Print the whole listing exactly as it appears, but skip the pictures.

Segment Start: SUPPLIED DATA

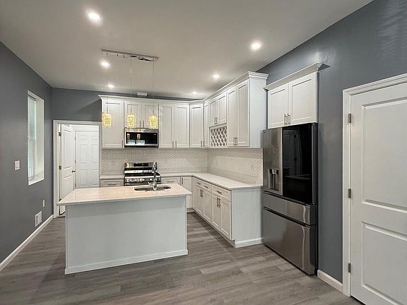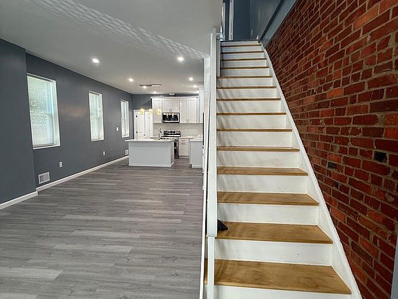 Welcome to this beautifully renovated 3-bedroom, 1.5-bathroom home featuring modern finishes and spacious living. Step inside to an open-concept layout with new flooring, recessed lighting, and a stunning exposed brick accent wall that adds character and charm. The heart of the home is the fully updated kitchen, complete with white shaker cabinets, quartz countertops, tile backsplash, a center island with sink, pendant lighting, and brand-new stainless steel appliances. Upstairs you’ll find three oversized bedrooms, each with ample natural light, along with a modern full bathroom showcasing sleek tile work, a double vanity, LED mirror, and a glass-enclosed shower. The first floor also features a convenient half bath for guests.
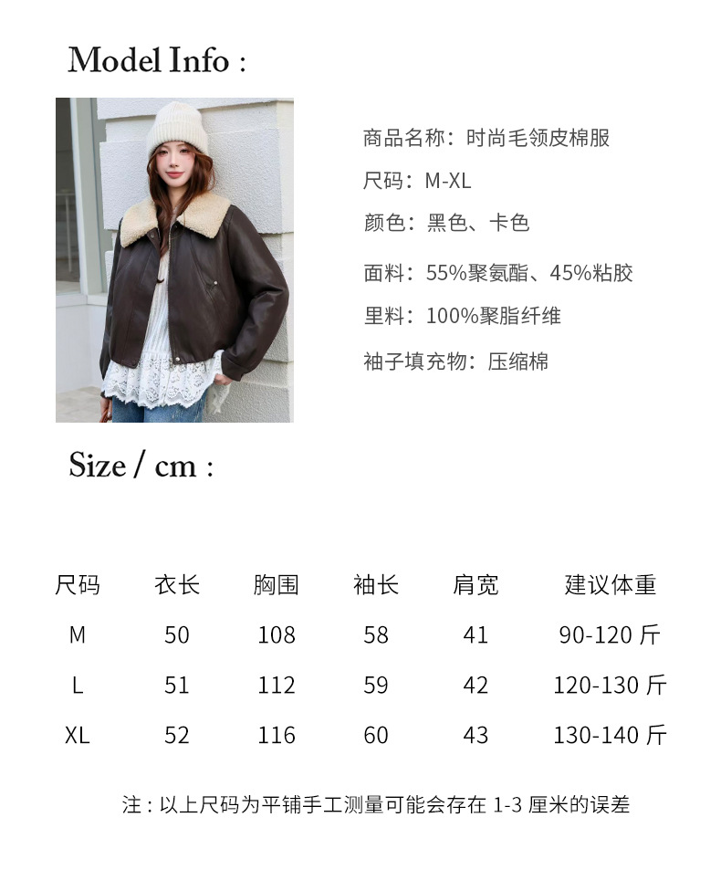 HR YYG83021街头风外套时尚休闲加棉保暖皮衣皮棉夹克 商品图0
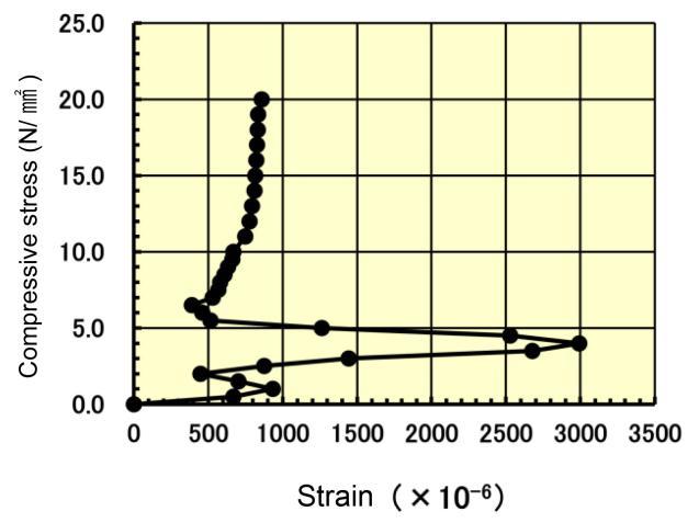 Byapplyingapressureofabout60KN,thetestpiecesof all types became approximately 100W× 400L×60H mm. After air-dried curing, bending strength and compressive strength were measured after 28 days according to JIS (Japan Industrial Standard) A 1106 and JIS A 1108. In addition, the strain was measured with a strain gauge whilemeasuringthecompressivestrength.
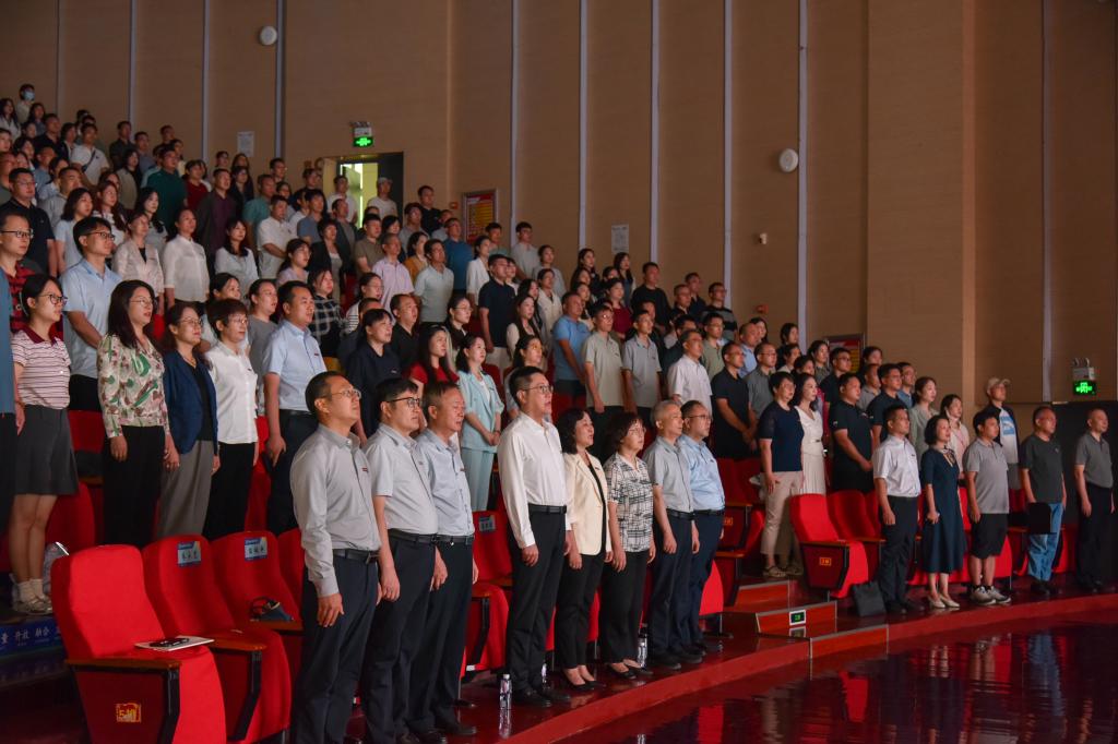 上午9时整,电视直播传来纪念中国人民抗日战争暨世界反法西斯战争胜利80周年大会盛况。80响礼炮响彻云霄,威武的护旗方阵步履铿锵。随着雄壮的《义勇军进行曲》奏响,大家全体起立,齐声高唱中华人民共和国国歌,共同注视着鲜艳夺目的五星红旗冉冉升起。随后,大家全神贯注、认真聆听习近平总书记发表重要讲话。习近平总书记的重要讲话立意高远、视野宏阔、思想深邃、内涵丰富,特别是“中华民族伟大复兴势不可挡!人类和平与发展的崇高事业必将胜利!”的庄严宣告,令人无比振奋,倍增奋进力量。历史承载过去,也启迪未来。大家深切感悟到,中华民族是不畏强暴、自立自强的伟大民族,中国共产党始终是中国人民和中华民族最可靠的主心骨,是时代巨浪中屹立不倒的中流砥柱。
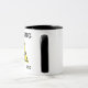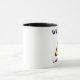 Caneca branca com símbolo de aviso laser amarelo e preto e texto.
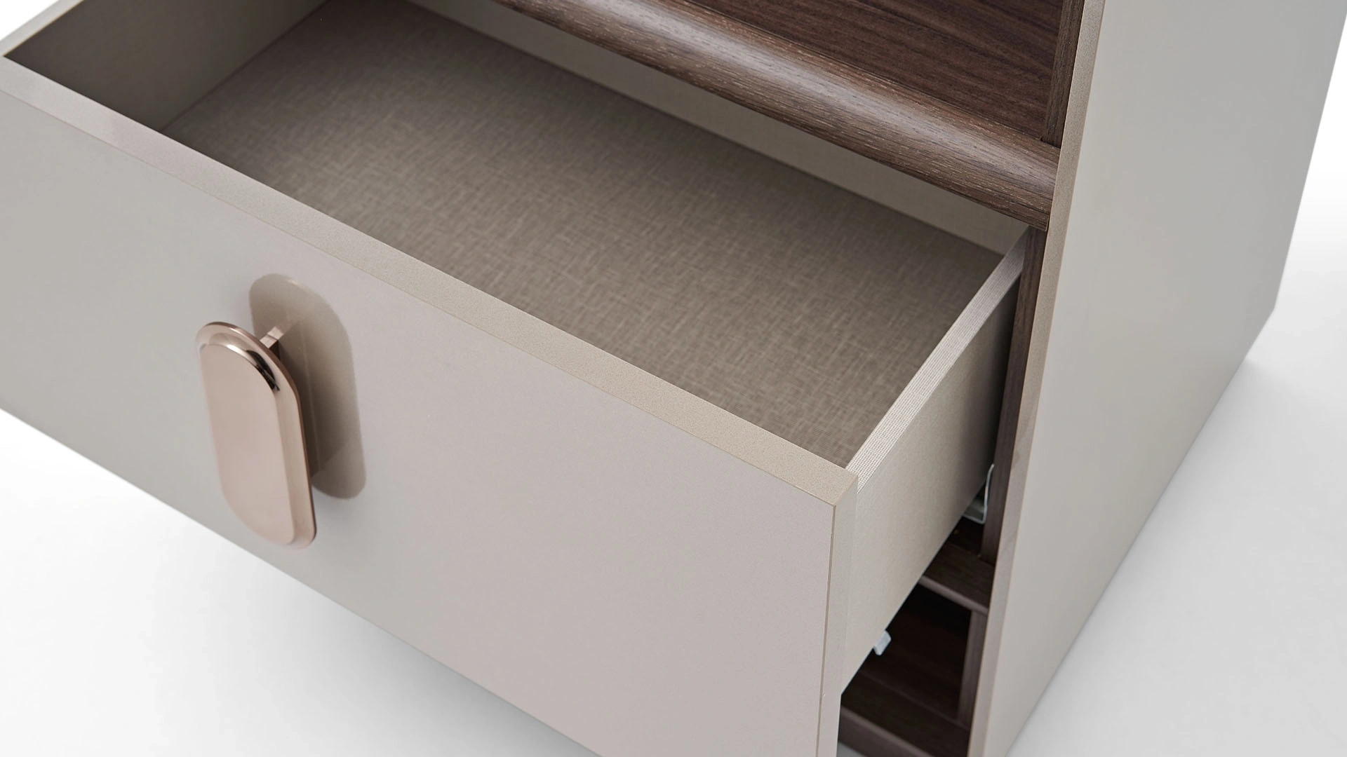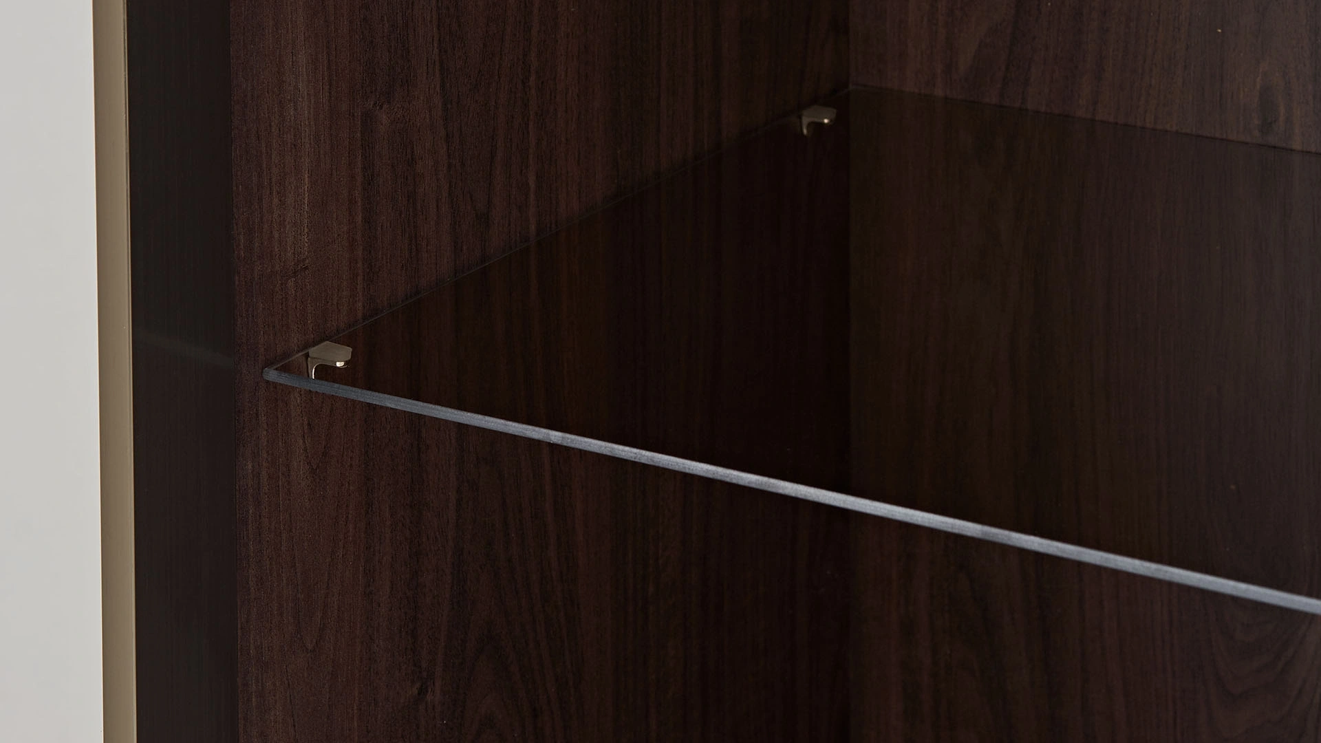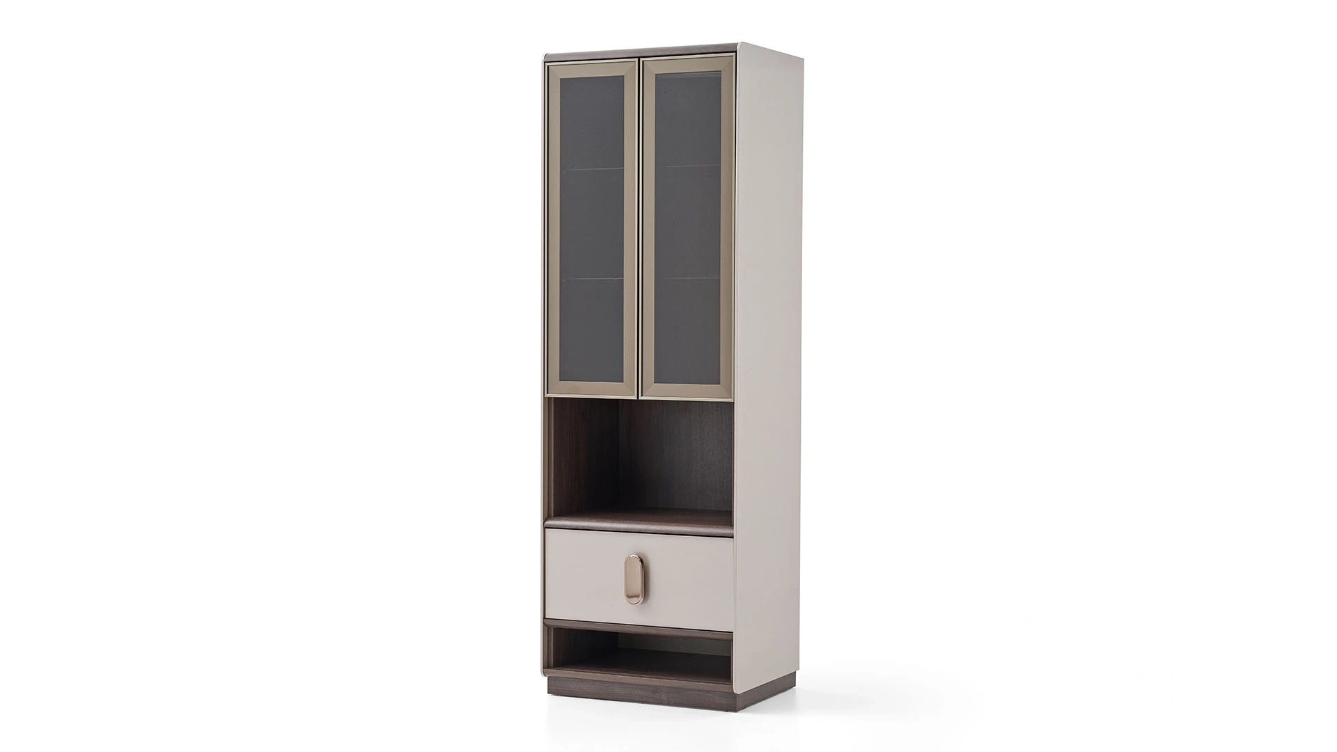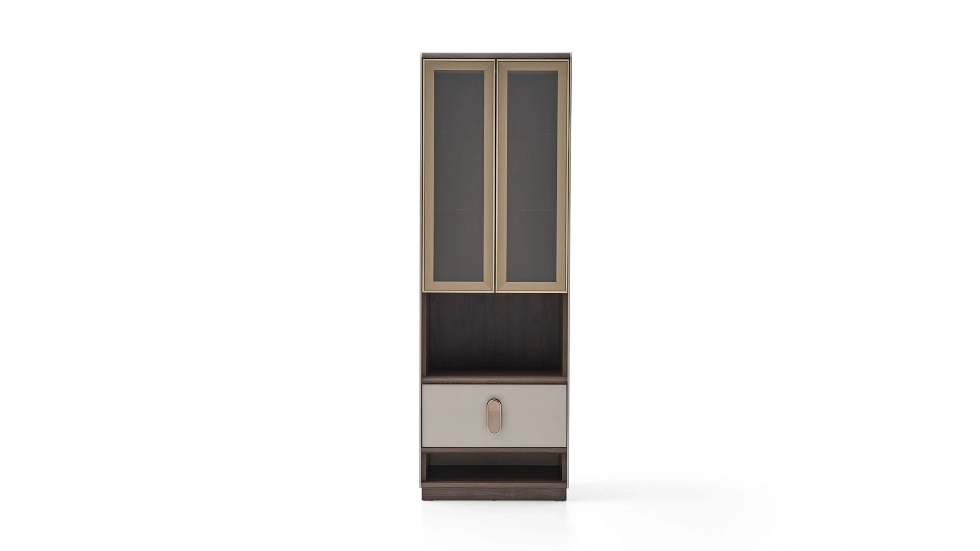 The side module of the Bend TV unit adds a nice touch to your decoration while completing the Bend TV unit. The vertically shaped TV unit module gains admiration with its bronze glass-covered showcase area located within an aluminum frame and LED lighting. You can purchase the side module with drawer and open shelf area either on its own or with other Bend TV unit modules.

Segment End: SUPPLIED DATA

§ SOLUTION TO THE PROBLEM:
 Welcome to this beautifully renovated 3-bedroom, 1.5-bathroom home featuring modern finishes and spacious living. Step inside to an open-concept layout with new flooring, recessed lighting, and a stunning exposed brick accent wall that adds character and charm. The heart of the home is the fully updated kitchen, complete with white shaker cabinets, quartz countertops, tile backsplash, a center island with sink, pendant lighting, and brand-new stainless steel appliances. Upstairs you’ll find three oversized bedrooms, each with ample natural light, along with a modern full bathroom showcasing sleek tile work, a double vanity, LED mirror, and a glass-enclosed shower. The first floor also features a convenient half bath for guests.
 HR YYG83021街头风外套时尚休闲加棉保暖皮衣皮棉夹克 商品图0
 Byapplyingapressureofabout60KN,thetestpiecesof all types became approximately 100W× 400L×60H mm. After air-dried curing, bending strength and compressive strength were measured after 28 days according to JIS (Japan Industrial Standard) A 1106 and JIS A 1108. In addition, the strain was measured with a strain gauge whilemeasuringthecompressivestrength.
 上午9时整,电视直播传来纪念中国人民抗日战争暨世界反法西斯战争胜利80周年大会盛况。80响礼炮响彻云霄,威武的护旗方阵步履铿锵。随着雄壮的《义勇军进行曲》奏响,大家全体起立,齐声高唱中华人民共和国国歌,共同注视着鲜艳夺目的五星红旗冉冉升起。随后,大家全神贯注、认真聆听习近平总书记发表重要讲话。习近平总书记的重要讲话立意高远、视野宏阔、思想深邃、内涵丰富,特别是“中华民族伟大复兴势不可挡!人类和平与发展的崇高事业必将胜利!”的庄严宣告,令人无比振奋,倍增奋进力量。历史承载过去,也启迪未来。大家深切感悟到,中华民族是不畏强暴、自立自强的伟大民族,中国共产党始终是中国人民和中华民族最可靠的主心骨,是时代巨浪中屹立不倒的中流砥柱。
 Caneca branca com símbolo de aviso laser amarelo e preto e texto.
 The side module of the Bend TV unit adds a nice touch to your decoration while completing the Bend TV unit. The vertically shaped TV unit module gains admiration with its bronze glass-covered showcase area located within an aluminum frame and LED lighting. You can purchase the side module with drawer and open shelf area either on its own or with other Bend TV unit modules.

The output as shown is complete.